STORED DATA Block Start

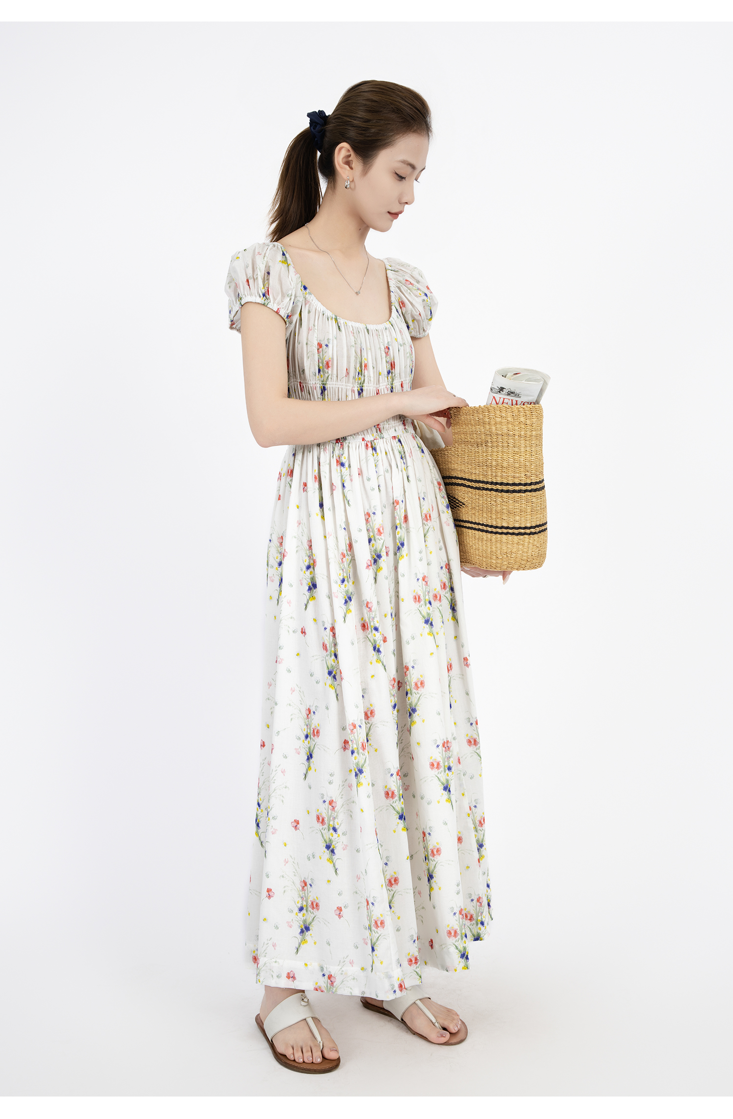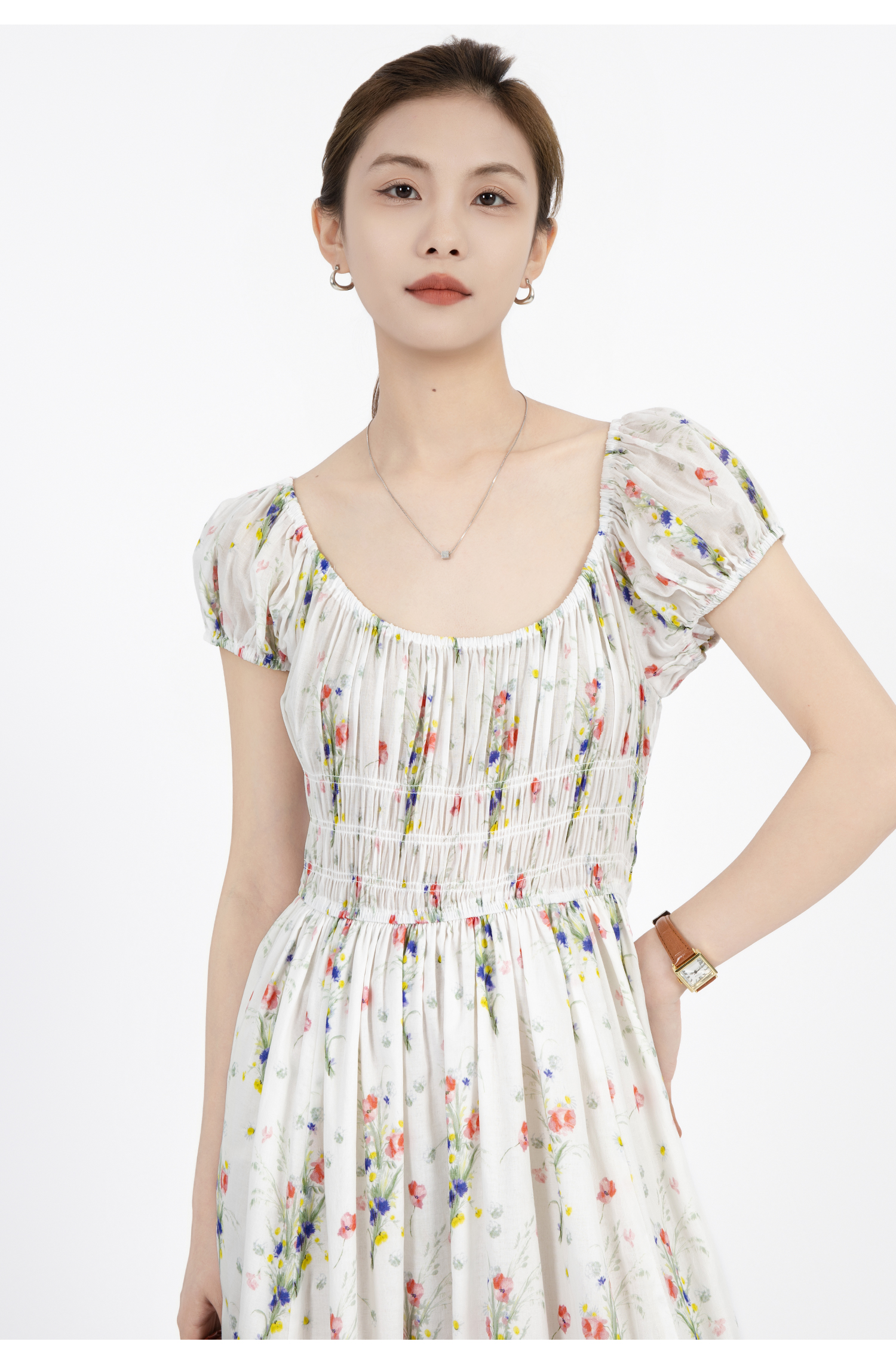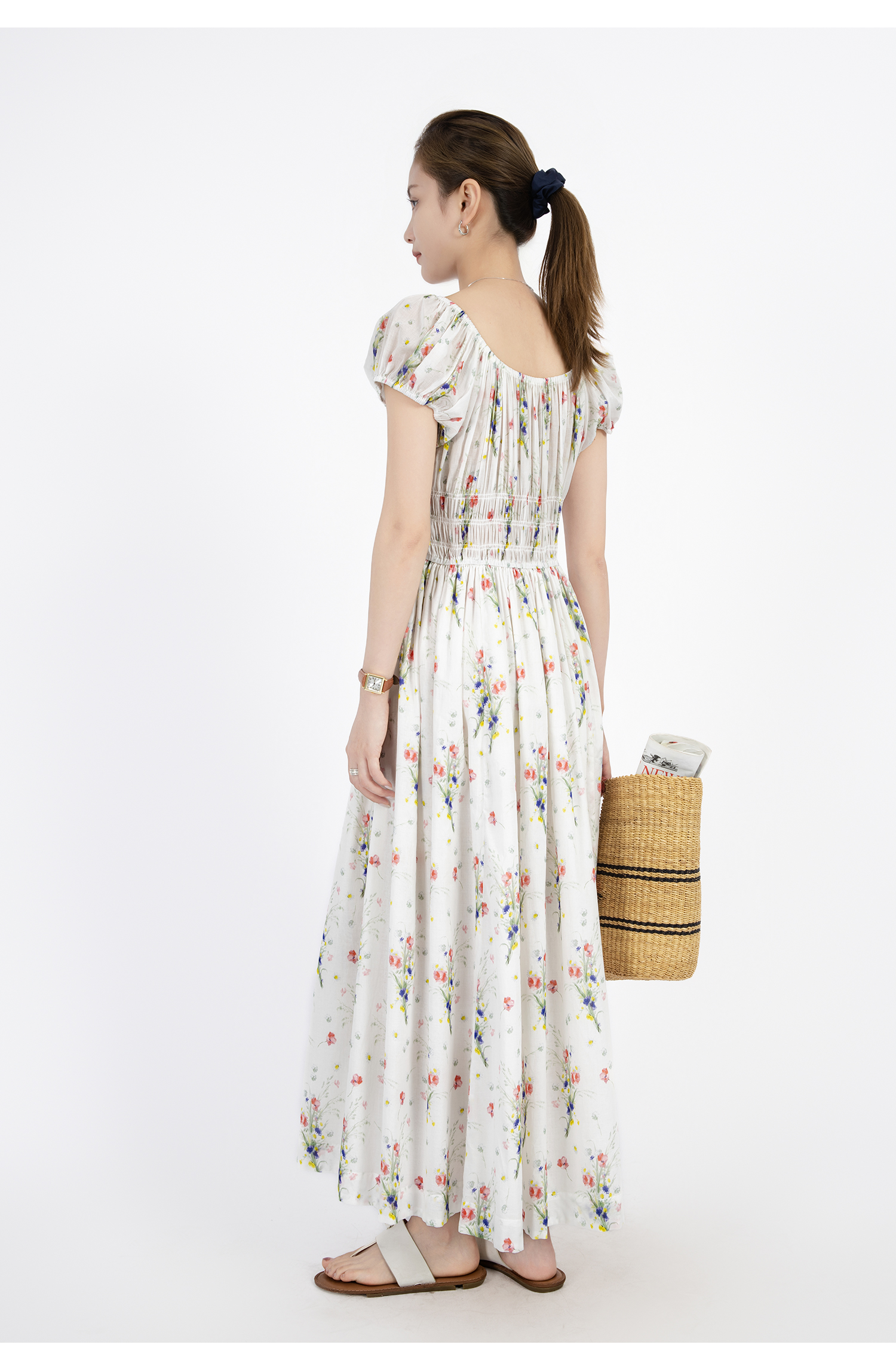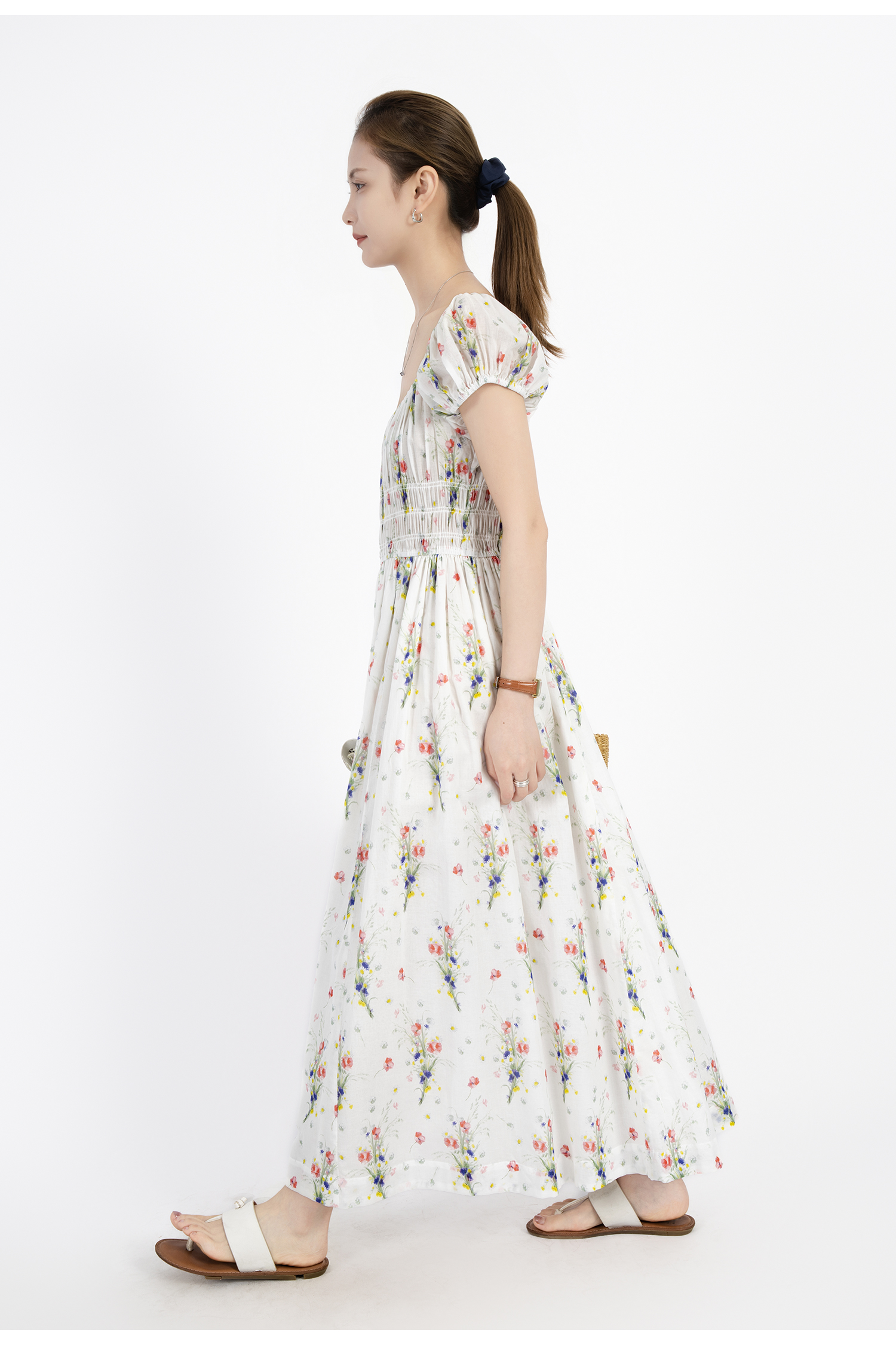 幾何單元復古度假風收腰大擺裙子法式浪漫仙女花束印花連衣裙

STORED DATA Block End
STORED DATA Block Start

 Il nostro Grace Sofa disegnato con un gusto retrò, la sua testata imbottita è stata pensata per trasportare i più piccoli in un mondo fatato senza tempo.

STORED DATA Block End
STORED DATA Block Start

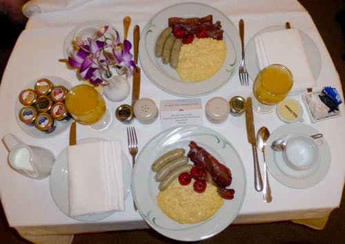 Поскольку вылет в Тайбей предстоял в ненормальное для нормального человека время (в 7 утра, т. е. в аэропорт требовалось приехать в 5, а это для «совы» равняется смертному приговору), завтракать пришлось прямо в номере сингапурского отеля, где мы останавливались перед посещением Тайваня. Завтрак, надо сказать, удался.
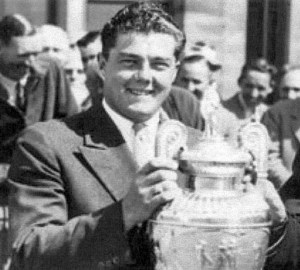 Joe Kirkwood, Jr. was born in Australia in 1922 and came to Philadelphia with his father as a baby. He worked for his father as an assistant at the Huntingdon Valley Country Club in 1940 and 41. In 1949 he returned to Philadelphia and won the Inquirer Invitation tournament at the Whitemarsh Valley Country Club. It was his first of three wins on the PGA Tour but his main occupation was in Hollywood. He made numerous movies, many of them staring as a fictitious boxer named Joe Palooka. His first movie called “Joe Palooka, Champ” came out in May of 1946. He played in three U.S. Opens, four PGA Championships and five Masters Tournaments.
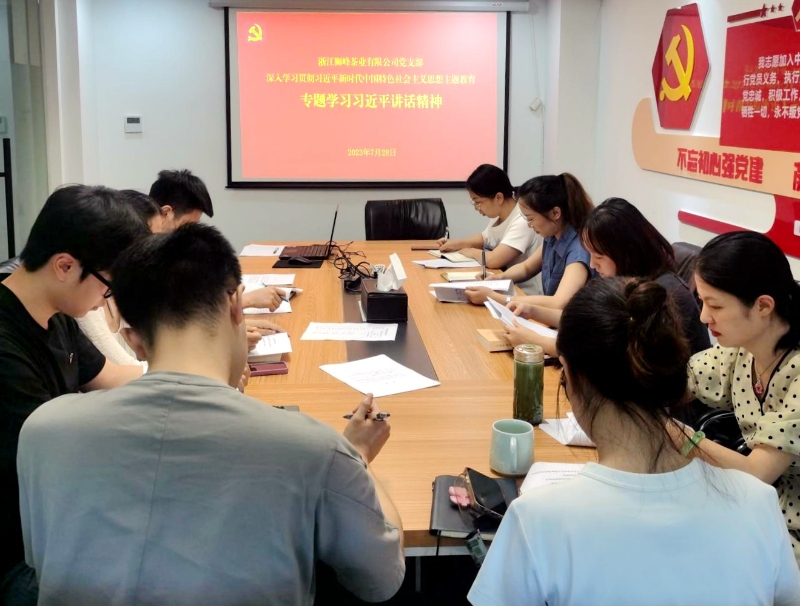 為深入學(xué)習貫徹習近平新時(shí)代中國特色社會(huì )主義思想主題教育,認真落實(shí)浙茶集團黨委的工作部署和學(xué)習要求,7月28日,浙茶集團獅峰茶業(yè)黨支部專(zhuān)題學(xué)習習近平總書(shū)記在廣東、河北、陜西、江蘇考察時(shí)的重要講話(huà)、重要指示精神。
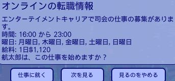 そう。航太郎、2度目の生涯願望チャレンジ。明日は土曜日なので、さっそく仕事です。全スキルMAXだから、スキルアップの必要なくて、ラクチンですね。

STORED DATA Block End

## WORK TASK
Of the lines above, copy only those from the one holding "Поскольку вылет в" to the one holding "Joe Kirkwood, Jr.", both included, and exclude every image.

## EXERCISE RESPONSE
 Поскольку вылет в Тайбей предстоял в ненормальное для нормального человека время (в 7 утра, т. е. в аэропорт требовалось приехать в 5, а это для «совы» равняется смертному приговору), завтракать пришлось прямо в номере сингапурского отеля, где мы останавливались перед посещением Тайваня. Завтрак, надо сказать, удался.
 Joe Kirkwood, Jr. was born in Australia in 1922 and came to Philadelphia with his father as a baby. He worked for his father as an assistant at the Huntingdon Valley Country Club in 1940 and 41. In 1949 he returned to Philadelphia and won the Inquirer Invitation tournament at the Whitemarsh Valley Country Club. It was his first of three wins on the PGA Tour but his main occupation was in Hollywood. He made numerous movies, many of them staring as a fictitious boxer named Joe Palooka. His first movie called “Joe Palooka, Champ” came out in May of 1946. He played in three U.S. Opens, four PGA Championships and five Masters Tournaments.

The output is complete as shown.